Bass-driven instrumental with a squiggly electronic motif. And lots of bells. I wanted something to signal my change of direction., says Howlett. This sounds like Timbaland on acid.
Get Up Get Off
Dark brutalist electro featuring breakneck rapper Twista, who recently scored a Top 10 hit with Slow Jamz. Howlett: I first heard Twista three years ago. He's got a really fast flow. I wanted a real London rap tune, and I think the street will respond to this.
Juliette Lewis reappears for this outing that borrows from Fifth Dimension's uber-Kitch Up, Up and Away. Up, up, and away in my beautiful balloon, sings Lewis, adding a louche give me a ride.
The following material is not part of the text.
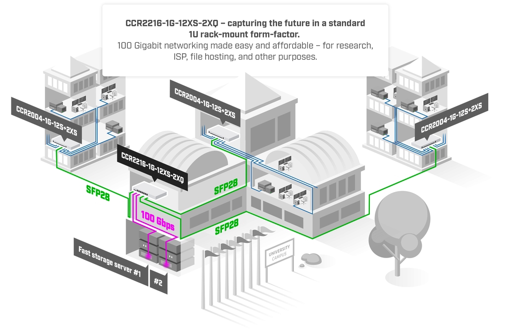 MIKROTIK • CCR2216-1G-12XS-2XQ • 12x 25G SFP28, 2x 100G QSFP28 CloudCore Router

Suggesting that views of the countryside from a wicker basket aren't her prime concerns. The Prodigy have been taking themselves too seriously, says Howlett, This is quirky.
Wake Up Call
The Prodigy get the funk, as Kool Keith delivers the message You better wake up! amid a flurry of mad flute samples. Howlett: A slap in the face to myself after [poorly received 2002 single] Baby's got a Temper. I needed to change, or we were fucked.
Kraftwerk meets Gary Numan, with a man screaming over the top. The latter is Paul Jackson from unsigned Essex punk band Dirt Candy. I heard em while I was in the bath, says Howlett. I was like, Turn that fucking shit down! Nat's daughter told me it was her friend's dad, so I rang him up and got him to sing on this.
Cinematic instrumental with a distinctly Middle Eastern flavour. Howlett: I'd love to play an Arab country, but we wouldn't really be welcome there. But still, I like the vibe.
Jagged stop-start dance-rock hybrid featuring a sample from Shocking Blue's 1969 track Love Buzz, later covered by Nirvana. Howlett:This is a complete jack of someone else's production and song. I'm not scared to do that even after 12 years in The Prodigy. You have to take risks.
You'll Be Under My Wheels
A one-dimensional slab of fuzzy techno. Even Howlett isn't keen. Not a lot to say on this, he shrugs. It's just an album filler.
The Way It Is
Built on a recreated sample of Michael Jackson's Thriller, this trades th usual sledgehammer approach for some welcome light and shade. Howlett: I was drinking Red Bull and Vodka, and I wanted to chew Michael Jackson's arse off and spit it back out again.
Aggro-charged finale, featuring Liam Gallagher on vocals and brother Noel on bass. Liam and I first agreed to do a track six years ago. Says Howlett. A year ago, we ended up getting pissed in the studio, and this happened. It's quite punk rock. Easily more punk than Oasis.